Start of Block

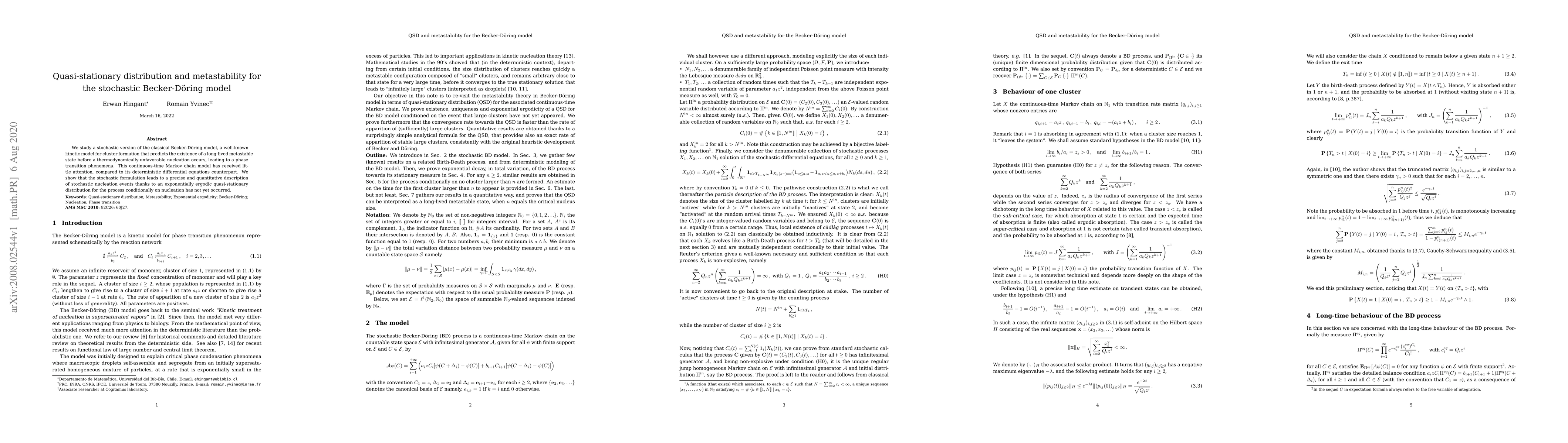 This paper investigates the stochastic version of the Becker-Döring model, focusing on its metastability and quasi-stationary distribution. It demonstrates that the stochastic model provides a detailed description of nucleation events, facilitated by an exponentially ergodic quasi-stationary distribution.
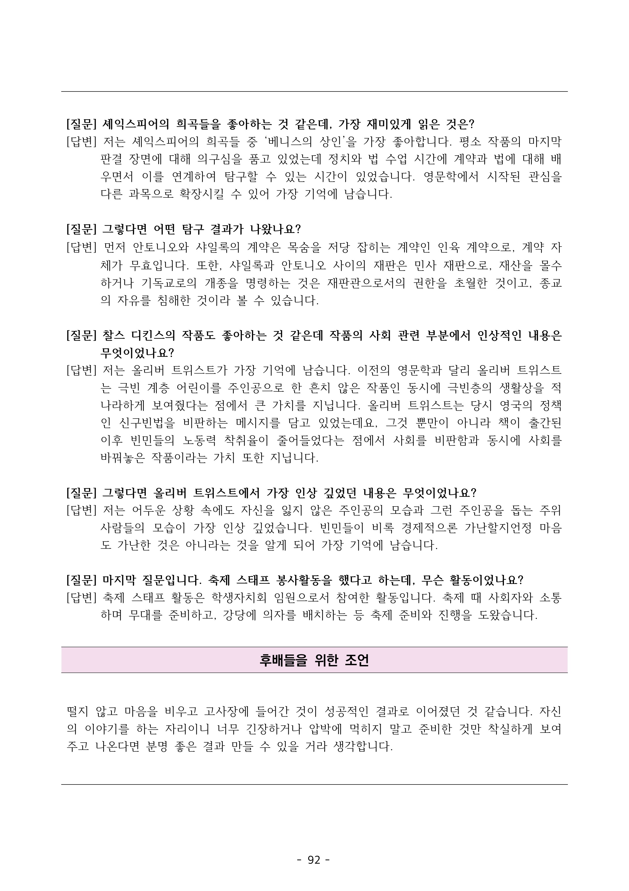 · 수업 시간에 질문이 많은 학생으로 작성되어 있는데, 질문을 많이 하게 된 이유는 무엇이며 특히 기억에 남는 질문이 있나요?2023학년도 가톨릭대학교 의예과 선발 인적성 면접 문항
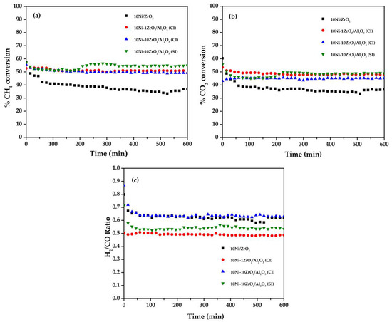 The results of CRM catalytic tests over the Ni-based catalysts with the ZrO2 as a different component are illustrated in Figure 6. Considering the CRM results with the characterization results, the 10Ni/ZrO2 catalyst (ZrO2 as a support) represented the lowest catalytic activity. This low activity is explained by its weakest Ni-ZrO2 interaction compared to other catalysts, eventuating in the low dispersion with the large Ni particle size [44]. The similarly high CH4 and CO2 conversions were observed over the catalysts with a ZrO2 promoter and a ZrO2 coactive component. These relatively high catalytic activities are subjected to (i) the stronger interaction of the Ni-Al2O3 and/or the ZrO2-Al2O3 composite in the 10Ni-xZrO2/Al2O3 catalysts, leading to the better dispersion with the smaller Ni particle size that increases the Ni surface area [33,40] and (ii) the ZrO2 surface that improves the CO2 adsorption and dissociation. Furthermore, the reactant conversions of 10Ni-10ZrO2/Al2O3 catalyst increased for 4% approximately after 200 min of time-on-stream. It can be hypothesized that after 200 min, the effective coke oxidation was involved in the CRM process due to the strongest metal-support interaction combined with the β oxygen species. The pathway of rapid oxygen transport from ZrO2 through vacancies to Ni improves CO2 activation-dissociation via vacancy sites of ZrO2. This reason allowed CH4 to be activated more efficiently on Ni. Figure 6c depicts that the H2/CO ratio in the catalytic profile of all catalysts was lower than unity because of the reverse water-gas shift side reaction (R4). At the first 20 min of time-on-stream, H2/CO ratio decreased for all the studied samples excluding 10Ni-1ZrO2/Al2O3 (CI). It can be explained by the mechanism of CRM and CO2-TPD results. Many studies reported that the CRM reaction involves CH4 dissociation as well as CO2 dissociation. The dissociative chemisorption of CH4 was denoted as an initial step and other steps take place along the time. Because CH4 is a source of H2 and CO2 can be counted as a source of CO in the syngas product, the decreasing trend of H2/CO ratio of each catalyst was observed at the beginning. Differently, the stable lowest H2/CO ratio was obtained from the 10Ni-1ZrO2/Al2O3 (CI) catalyst as it is the most active catalyst material for CO2 activation-dissociation (discussed in CO2-TPD part) that can drive CO2 dissociation since the beginning. Moreover, the H2/CO ratio of 10Ni-10ZrO2/Al2O3 (SI) was also low due to the high CO2 activation-dissociation via the vacancies. In addition, the catalytic activities in this work are in the same range of literature data (Table 3).
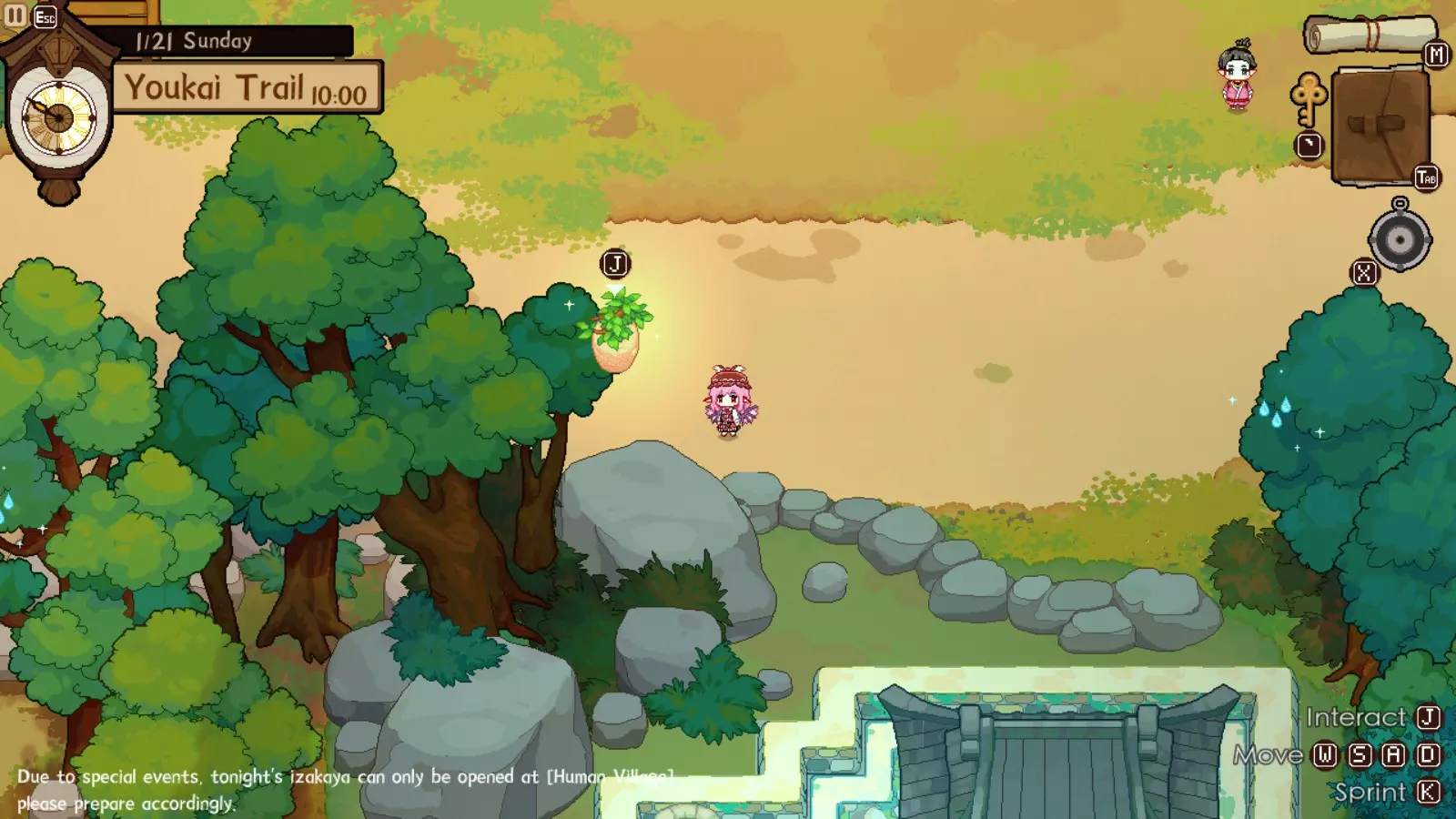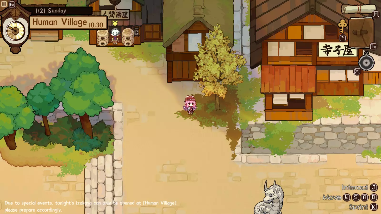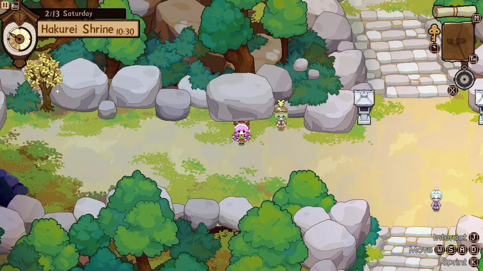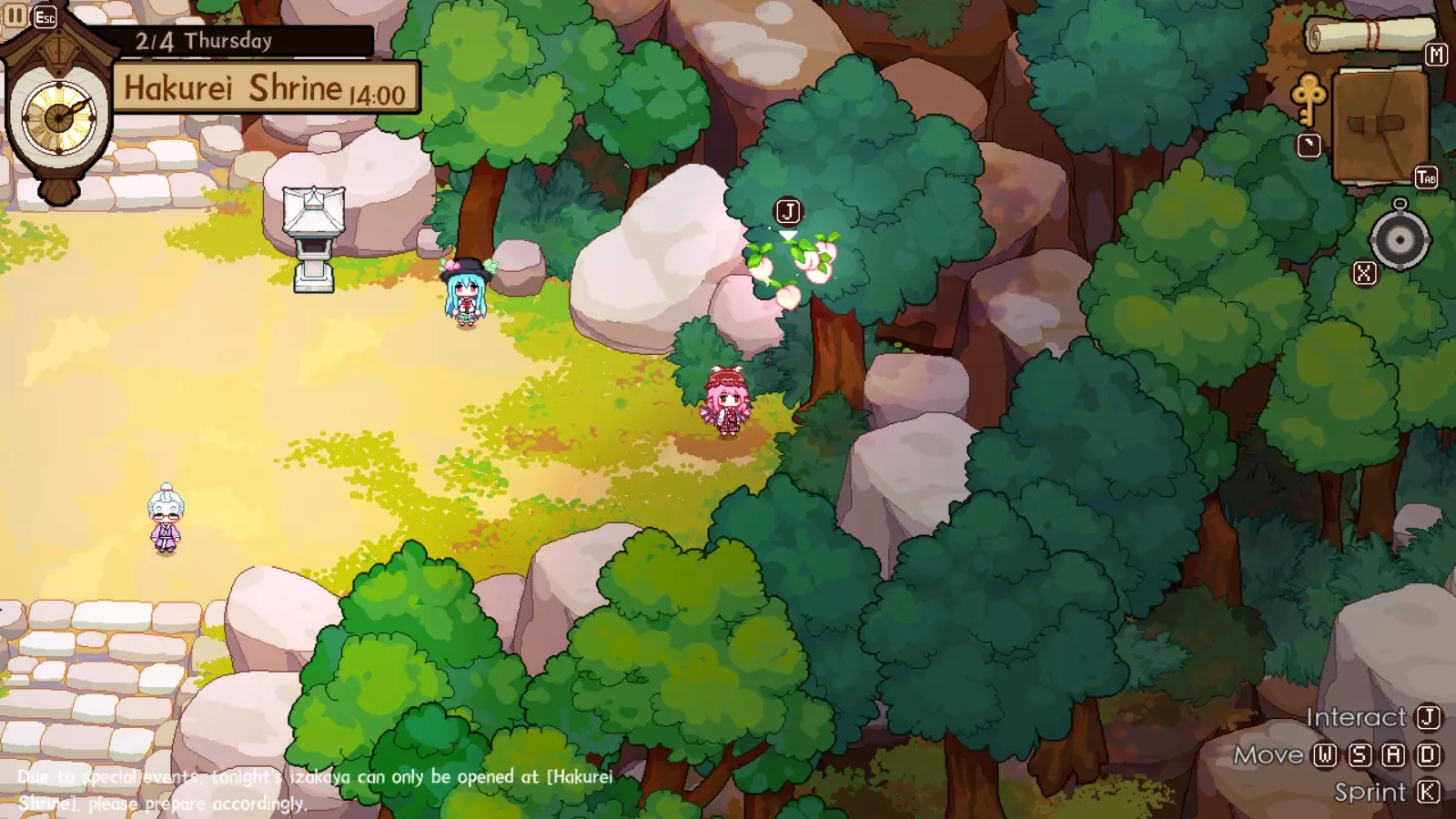 灵梦对此完全赞同,因为你的下一个目的地将是她的神社。我们正开始进入游戏中期,届时将可以通过商人获取稀有材料。如果你未能完成人类村落的任何稀有客人任务,仍可以邀请他们到博丽神社完成。在博丽神社的最初几天是强制流程,并且在第一天结束后你才能将博丽神社的居酒屋推车升级到小屋级别。尽快升级到小屋级别(第二级)是个非常好的主意,因为和之前一样,后续会有强制流程。

End of Block

WORK TO COMPLETE: The data needs to be reproduced exactly, please, apart from its pictures.

TASK OUTPUT:
 This paper investigates the stochastic version of the Becker-Döring model, focusing on its metastability and quasi-stationary distribution. It demonstrates that the stochastic model provides a detailed description of nucleation events, facilitated by an exponentially ergodic quasi-stationary distribution.
 · 수업 시간에 질문이 많은 학생으로 작성되어 있는데, 질문을 많이 하게 된 이유는 무엇이며 특히 기억에 남는 질문이 있나요?2023학년도 가톨릭대학교 의예과 선발 인적성 면접 문항
 The results of CRM catalytic tests over the Ni-based catalysts with the ZrO2 as a different component are illustrated in Figure 6. Considering the CRM results with the characterization results, the 10Ni/ZrO2 catalyst (ZrO2 as a support) represented the lowest catalytic activity. This low activity is explained by its weakest Ni-ZrO2 interaction compared to other catalysts, eventuating in the low dispersion with the large Ni particle size [44]. The similarly high CH4 and CO2 conversions were observed over the catalysts with a ZrO2 promoter and a ZrO2 coactive component. These relatively high catalytic activities are subjected to (i) the stronger interaction of the Ni-Al2O3 and/or the ZrO2-Al2O3 composite in the 10Ni-xZrO2/Al2O3 catalysts, leading to the better dispersion with the smaller Ni particle size that increases the Ni surface area [33,40] and (ii) the ZrO2 surface that improves the CO2 adsorption and dissociation. Furthermore, the reactant conversions of 10Ni-10ZrO2/Al2O3 catalyst increased for 4% approximately after 200 min of time-on-stream. It can be hypothesized that after 200 min, the effective coke oxidation was involved in the CRM process due to the strongest metal-support interaction combined with the β oxygen species. The pathway of rapid oxygen transport from ZrO2 through vacancies to Ni improves CO2 activation-dissociation via vacancy sites of ZrO2. This reason allowed CH4 to be activated more efficiently on Ni. Figure 6c depicts that the H2/CO ratio in the catalytic profile of all catalysts was lower than unity because of the reverse water-gas shift side reaction (R4). At the first 20 min of time-on-stream, H2/CO ratio decreased for all the studied samples excluding 10Ni-1ZrO2/Al2O3 (CI). It can be explained by the mechanism of CRM and CO2-TPD results. Many studies reported that the CRM reaction involves CH4 dissociation as well as CO2 dissociation. The dissociative chemisorption of CH4 was denoted as an initial step and other steps take place along the time. Because CH4 is a source of H2 and CO2 can be counted as a source of CO in the syngas product, the decreasing trend of H2/CO ratio of each catalyst was observed at the beginning. Differently, the stable lowest H2/CO ratio was obtained from the 10Ni-1ZrO2/Al2O3 (CI) catalyst as it is the most active catalyst material for CO2 activation-dissociation (discussed in CO2-TPD part) that can drive CO2 dissociation since the beginning. Moreover, the H2/CO ratio of 10Ni-10ZrO2/Al2O3 (SI) was also low due to the high CO2 activation-dissociation via the vacancies. In addition, the catalytic activities in this work are in the same range of literature data (Table 3).
 灵梦对此完全赞同,因为你的下一个目的地将是她的神社。我们正开始进入游戏中期,届时将可以通过商人获取稀有材料。如果你未能完成人类村落的任何稀有客人任务,仍可以邀请他们到博丽神社完成。在博丽神社的最初几天是强制流程,并且在第一天结束后你才能将博丽神社的居酒屋推车升级到小屋级别。尽快升级到小屋级别(第二级)是个非常好的主意,因为和之前一样,后续会有强制流程。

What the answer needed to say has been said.